Una multitud de notificaciones de la escuela especial la catalogaba de “ingobernable”. Cuando pasó una noche afuera sin avisar la institución le exigió a los padres una disciplina, que se hicieran cargo porque la expulsión estaba cerca.
Poco después de unos análisis clínicos, en silencio y sin explicación, llegó una “laparoscopía”, según se decía. Maestras, supervisoras y directoras sabían que le había ligado las trompas.
Si entendemos esta intervención como represiva vamos a pensar que la operación quitó la posibilidad de gestar, de quedar embarazada que era el mayor fantasma con el que la institución asustaba al padre y la madre de ella. Y que por otra parte ella tendría más libertad y menos control a la hora de sus salidas, vínculos e intercambios sexuales.
Pero estas intervenciones sobre los cuerpos no solo lo mutilan, sino que con mucha mayor eficacia transforman la vida, el futuro, los modos de relacionarse y de ser de la persona operada. Y también disciplinan a los familiares y confirman el poder institucional sobre cuerpos a través de la sexualidad, pero también reteniendo en la discapacitación.

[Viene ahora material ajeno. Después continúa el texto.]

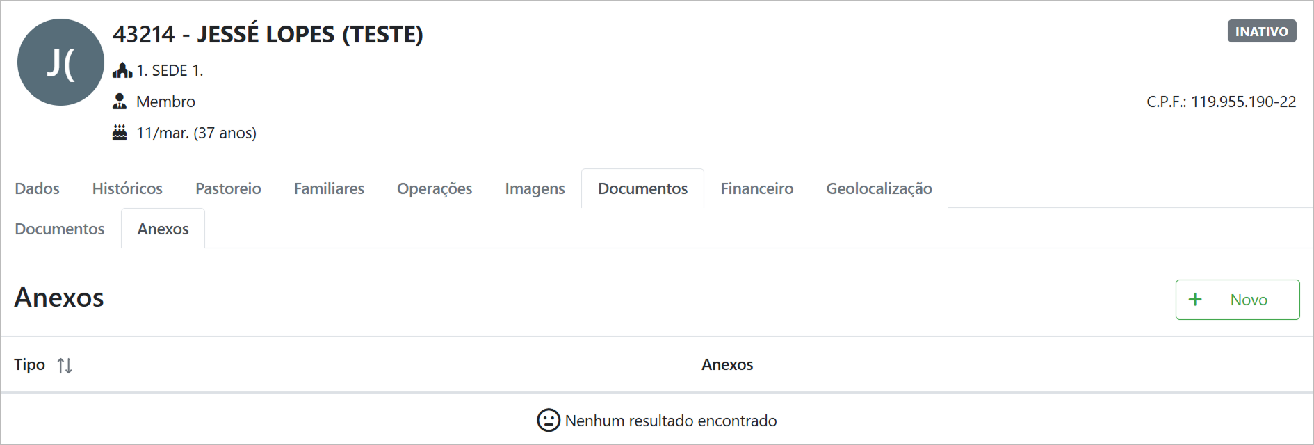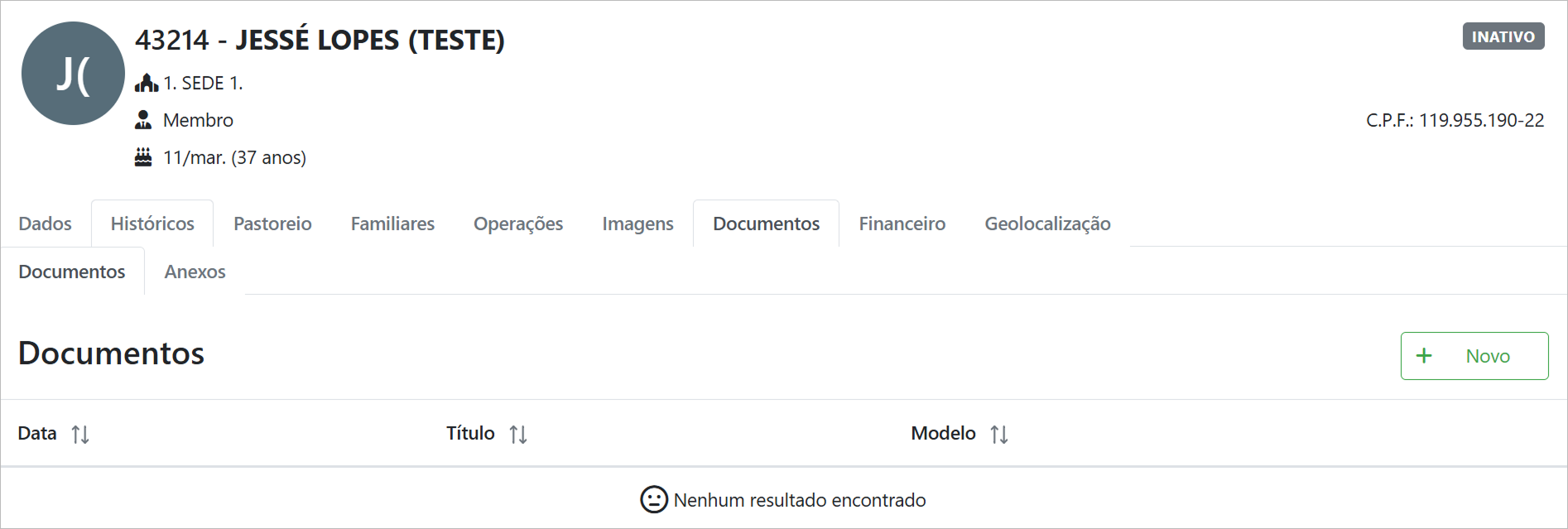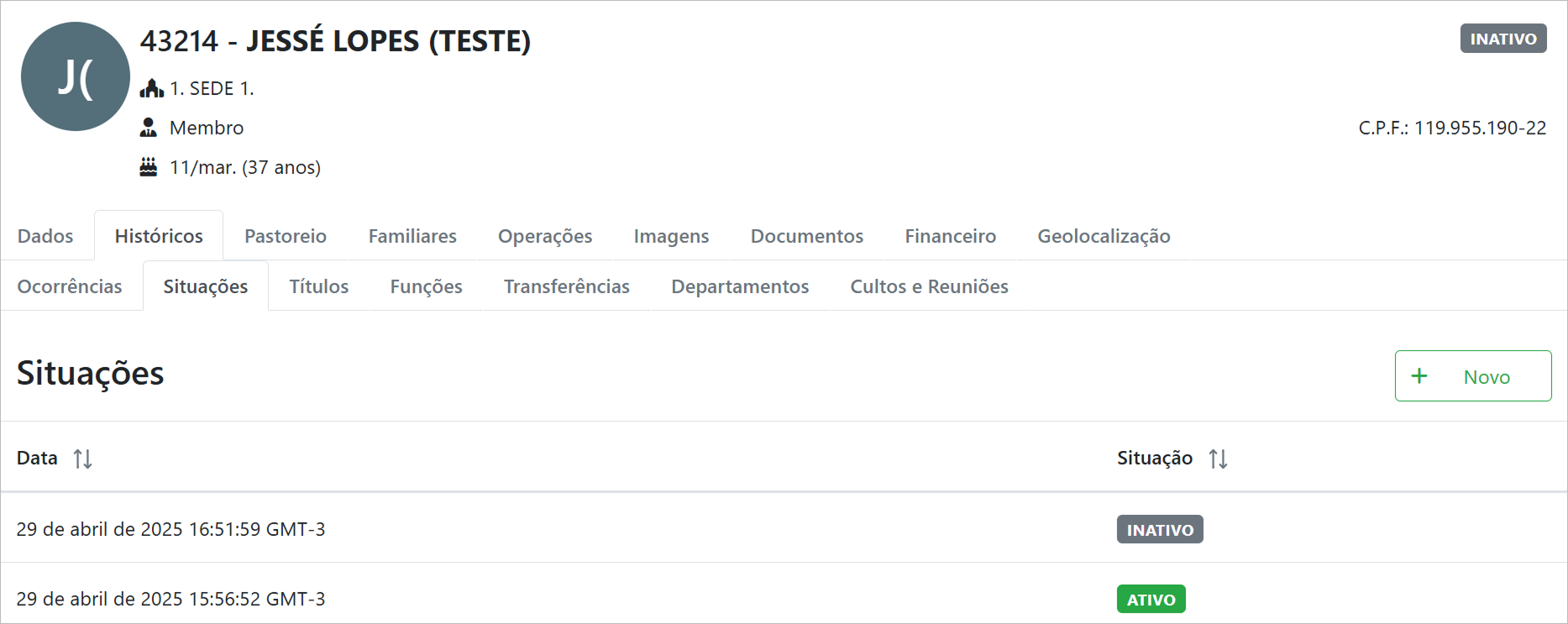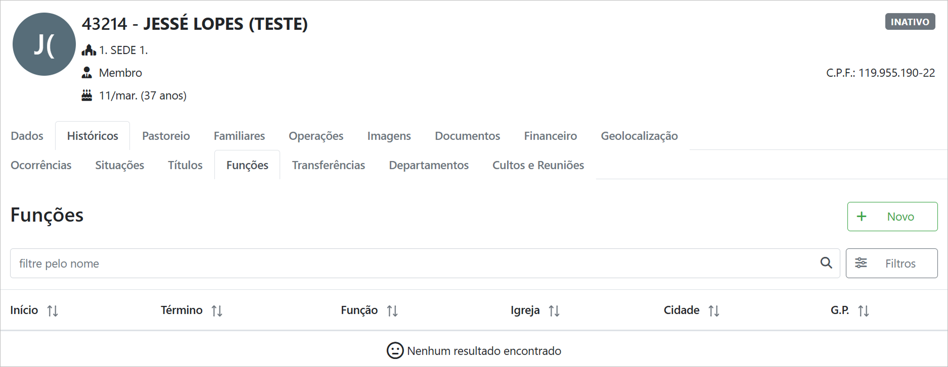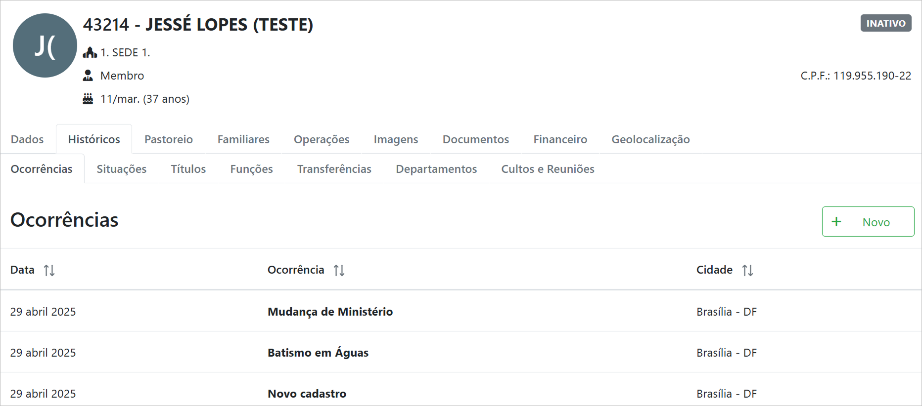 Lista os títulos eclesiásticos recebidos pelo membro (ex: Diácono, Presbítero, Pastor). É possível adicionar novos títulos à medida que o membro for sendo consagrado, clicando no botão "+ Novo".

Por ejemplo, años después una terapista ocupacional se encarga de guiarla en actividades que se consideraban reafirmadoras del género, como maquillarse, teñirse el pelo, ir a comprarse ropa, pintarse las uñas. porque se entendía que su descuido personal era evidencia de una des-generización y que ejercitarse en esos cuidados iba a reforzar su identidad. Sin embargo, detrás de estas palabras y convencionalismos estaban los mismos intereses institucionales, esta vez tomando los roles de género para repetir una operación de adiestramiento y adecuación que moldeaba en ella un carácter sumiso “la que debe agradar”.
Nuevamente esta intervención sería para dar autonomía, pero entendida en el marco heteronormativo, profundizaba el debilitamiento de su personalidad.
Así, muy resumidamente, es como ella se ubica en una pareja estable, un compañero (también formado en la misma institución, como debe ser) que funciona como un peón que la pone constantemente en jaque, muy celoso, amenazante y potencialmente agresivo, entendiendo que aquella operación que le hicieron (y de la que él sabía) le otorgaba privilegios sobre su cuerpo, sus libertades, sus movimientos y hasta las más insignificantes actividades de la vida diaria.
Quiero rescatar que aquello que la escuela, la institución, profesionales y supervisores llamaban “discapacidad”, como algo particular de ella, fue y espero que siga siendo, lo que potencialmente siempre desestabilizó a estas intervenciones que querían hacer de ella un producto de sus miedos.